Excerpts from a dataset
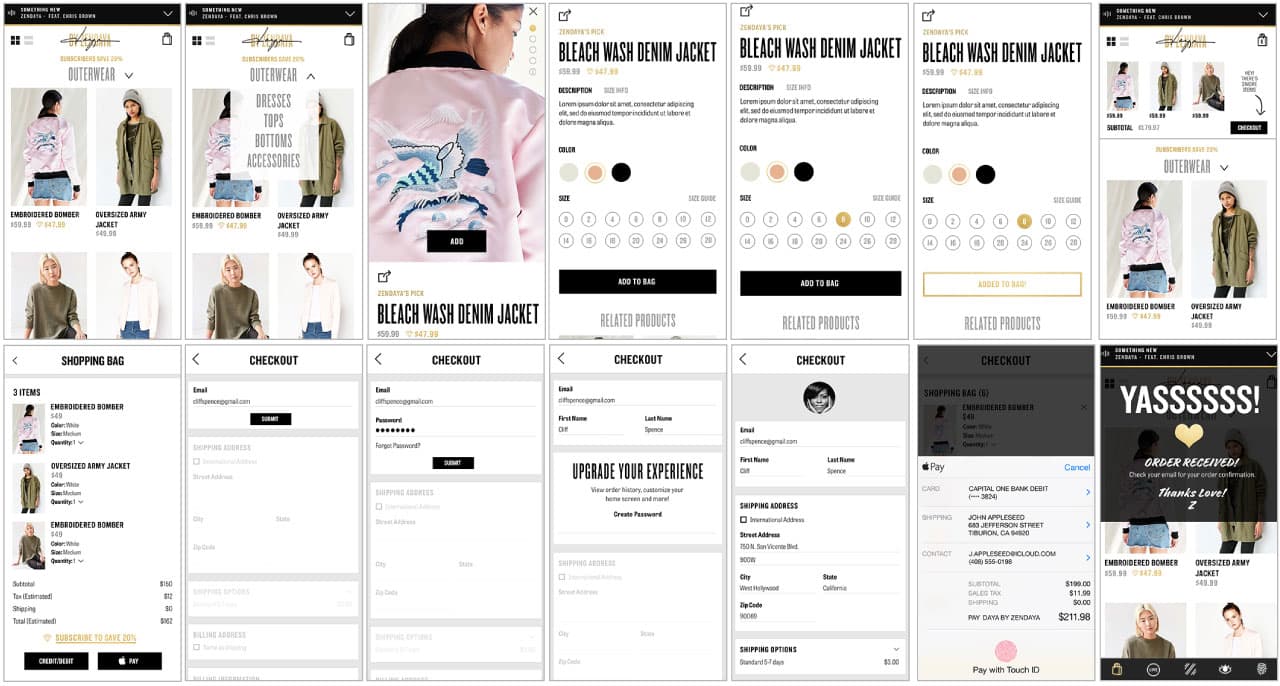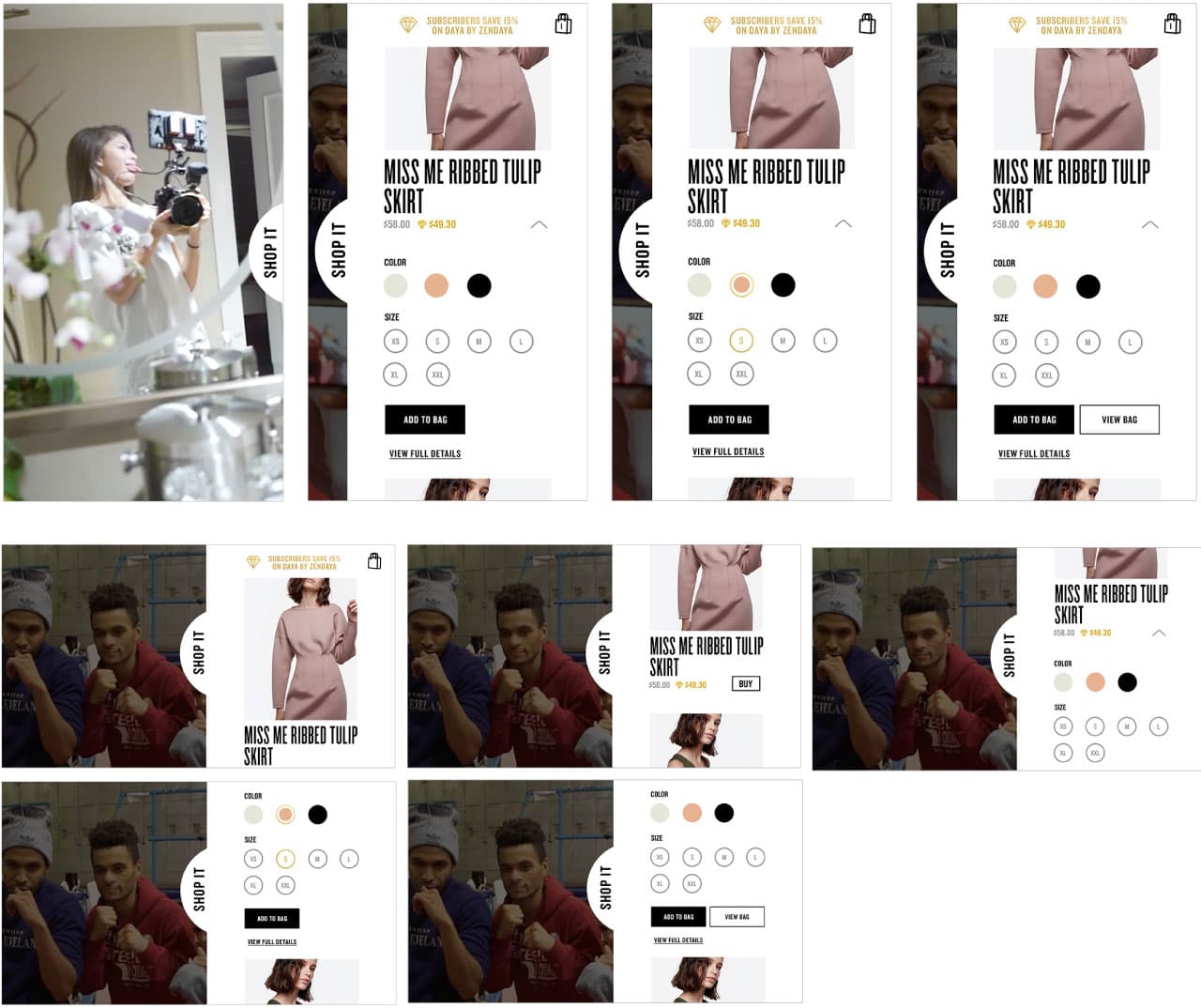 The layout of the site stemmed from Zendaya’s personal taste to have symmetry. She preferred a layout that had balance as well as opportunities to showcase large images. One of the main issues to tackle was the editorial programming for video formats. We knew Zendaya loves using Snapchat, so I specifically implemented a vertical orientation for video publishables as well as horizontal for flat content or horizontal videos. To break up the redundancy of the grid, a shopping component is implemented in key spots to guide the user to the e-commerce section of the site.
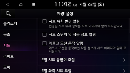 SETUP > 차량 > 시트를 누르십시오.
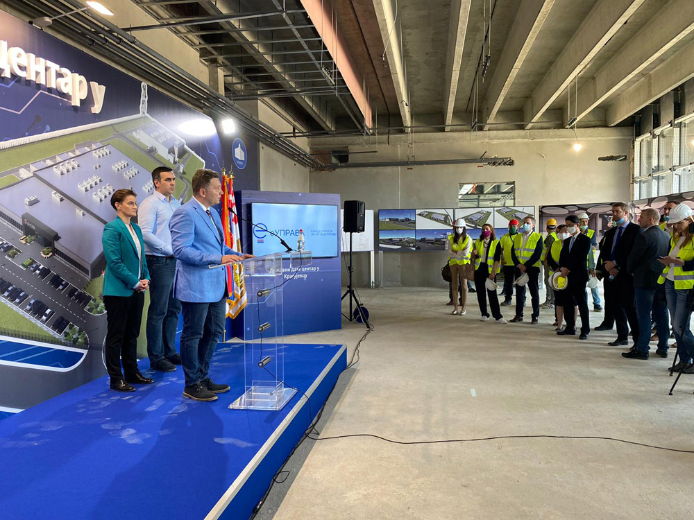 Председница Владе Србије Ана Брнабић обишла је данас са директором Канцеларије за ИТ и еУправу доц. др Михаилом Јовановићем и градоначелником Крагујевца Радомиром Николићем градилиште Државног дата центра у Крагујевцу. Изградња овог кључног објекта за даљи развој еУправе се одвија у складу са планираном динамиком и у наредним месецима се очекује његово отварање за кориснике из државне управе и локалне самоуправе, али и за комерцијалне кориснике.
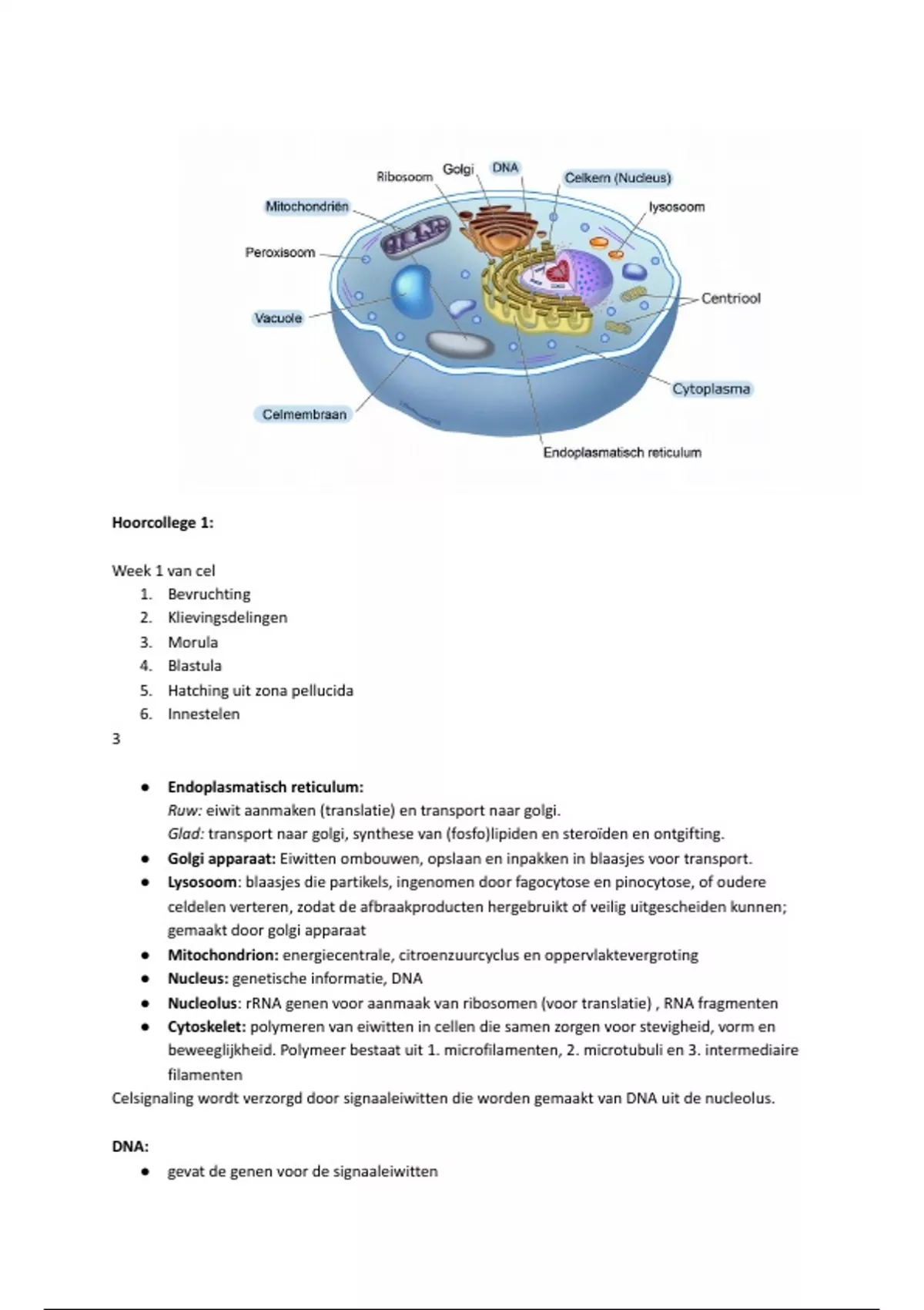 ● Nucleus: genetische informatie, DNA
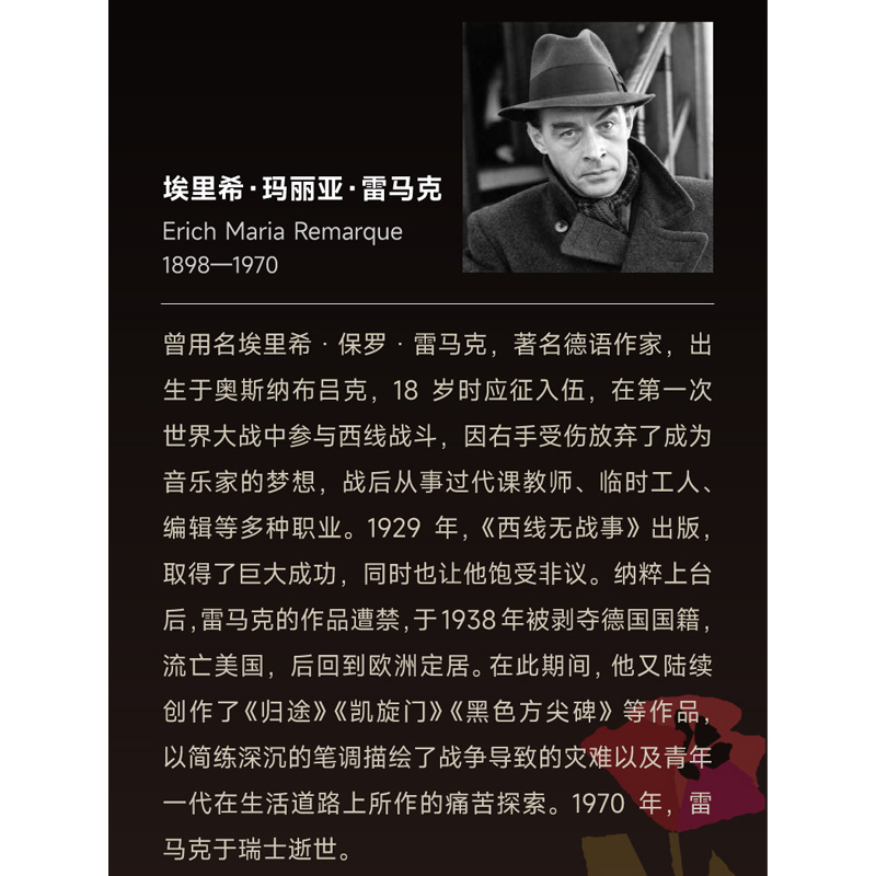 反战文学上海译文出版 社奥斯卡同名电影原著小说 另著凯旋门 西线无战事 应许之地 雷马克作品经典 黑色方尖碑 里斯本之夜 译文经典
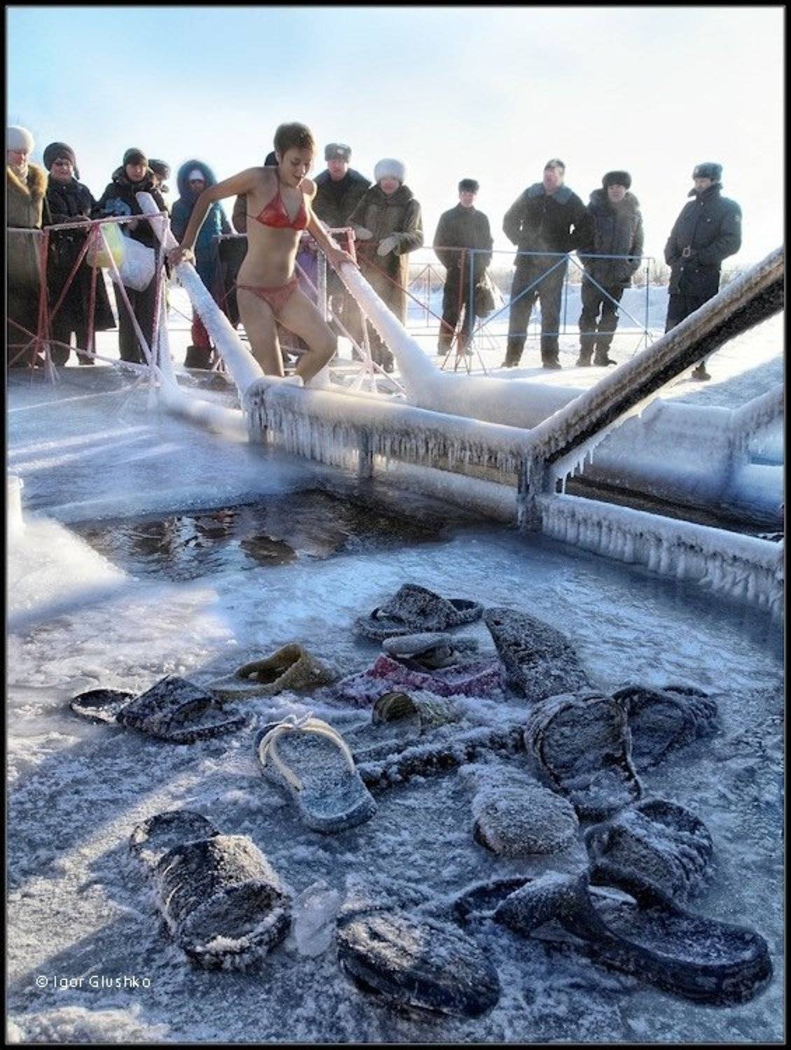 19 января. -26 градусов с ветерком - самое то погреться в проруби! Ведь там вода + 4 градуса! Вот только... выходить из нее "зябко". Да и тапочки, как трофеи, остаются Зиме :)
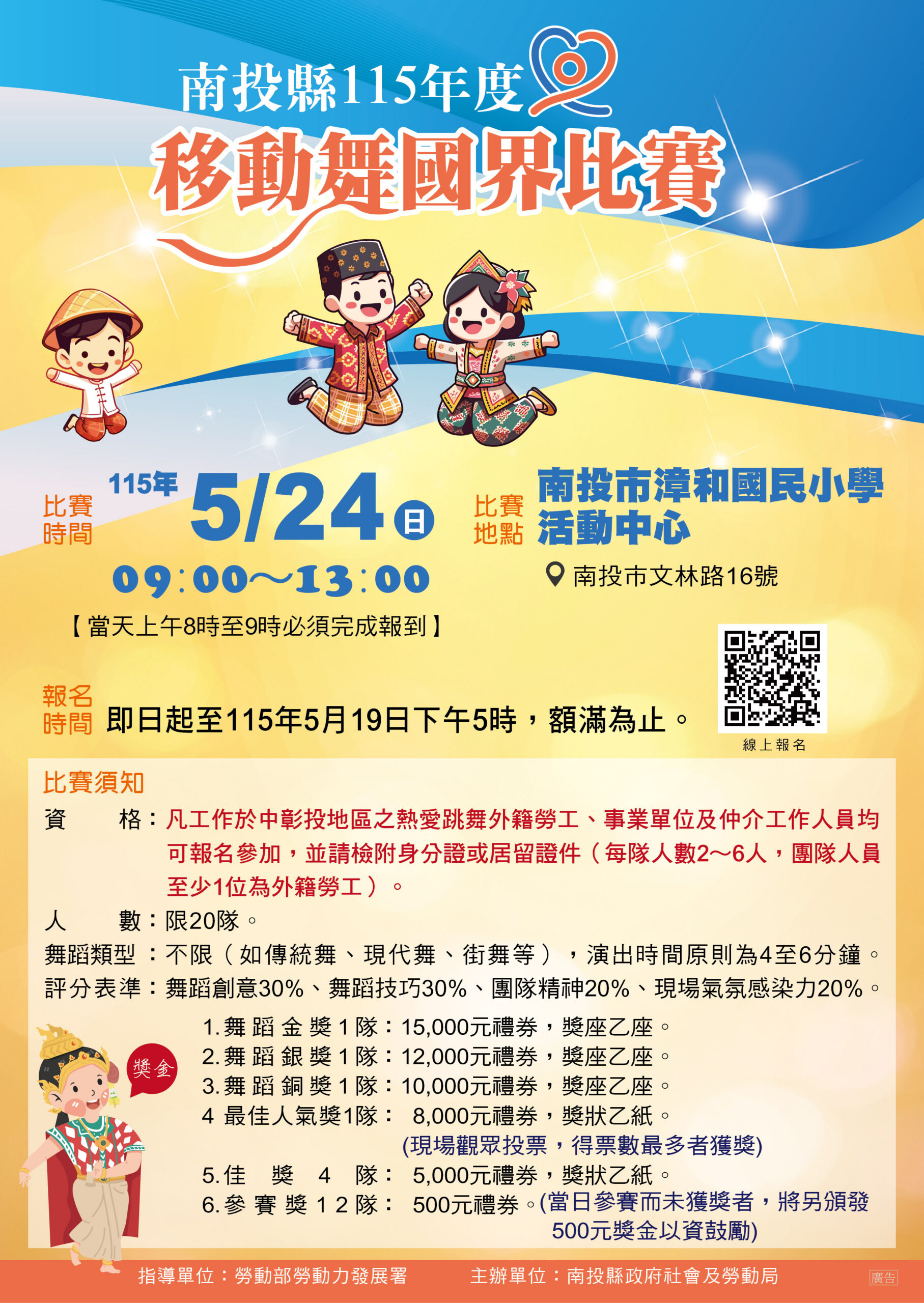本活動獎項非常豐厚,活動獎項最高1萬5千元禮劵,總獎金額高達7萬1千元,歡迎有興趣之移工朋友踴躍報名參加,也鼓勵雇主及仲介單位協助推薦與參與,並一同賞舞及投票給予參賽者支持,共同打造一場充滿熱情與國際風情的舞蹈盛會。報名方式採網路報名,自即日起開放報名至115年5月19日下午5時止,額滿即提前截止,相關各國語言比賽簡章請掃QR CODE或至南投縣政府社會及勞動局社會福利資訊網「社會及勞動局社會福利資訊網-勞工福利-外國人工作管理-移工活動/其它」下載(網址: https://welfare.nantou.gov.tw/1486/24-5)。詳細活動訊息請電洽南投縣政府社會及勞動局勞工行政科049-2238670陳小姐。
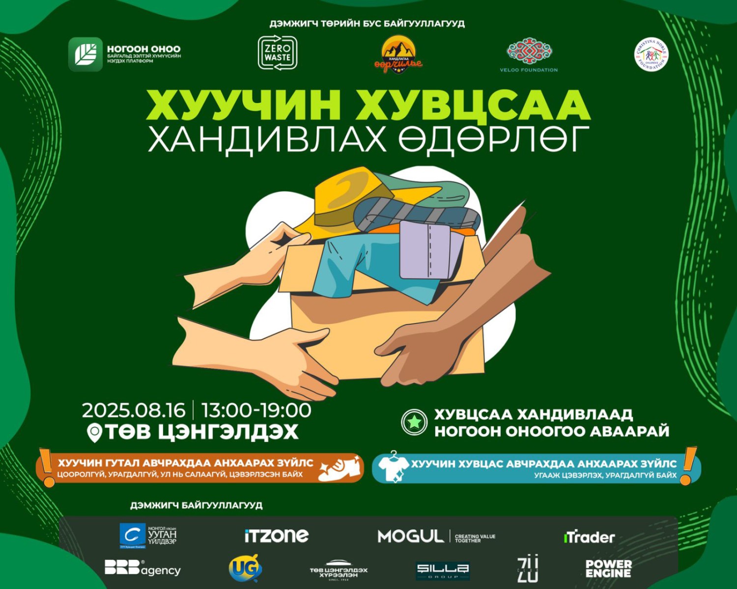 Тус арга хэмжээ нь хэрэглэхээ больсон эд зүйлсийг дахин ашиглах, хэрэгцээтэй хүмүүст хүргэх, нийгмийн сайн үйлсийг түгээх зорилготой бөгөөд Ногоон оноо байгаль ТББ, Zero Waste, Хандлагаа өөрчлье, Veloo Foundation, Christina Noble Foundation төрийн бус байгууллагууд өөрсдийн сувгаар түгээх үйл ажиллагааг дэмжин ажиллаж байна.

- **Task objective**:
Reproduce the lines above beginning at the line that contains "Председница Владе Србије" and ending at the line that contains "19 января. -26". No pictures.

- **Response to this exercise**:
 Председница Владе Србије Ана Брнабић обишла је данас са директором Канцеларије за ИТ и еУправу доц. др Михаилом Јовановићем и градоначелником Крагујевца Радомиром Николићем градилиште Државног дата центра у Крагујевцу. Изградња овог кључног објекта за даљи развој еУправе се одвија у складу са планираном динамиком и у наредним месецима се очекује његово отварање за кориснике из државне управе и локалне самоуправе, али и за комерцијалне кориснике.
 ● Nucleus: genetische informatie, DNA
 反战文学上海译文出版 社奥斯卡同名电影原著小说 另著凯旋门 西线无战事 应许之地 雷马克作品经典 黑色方尖碑 里斯本之夜 译文经典
 19 января. -26 градусов с ветерком - самое то погреться в проруби! Ведь там вода + 4 градуса! Вот только... выходить из нее "зябко". Да и тапочки, как трофеи, остаются Зиме :)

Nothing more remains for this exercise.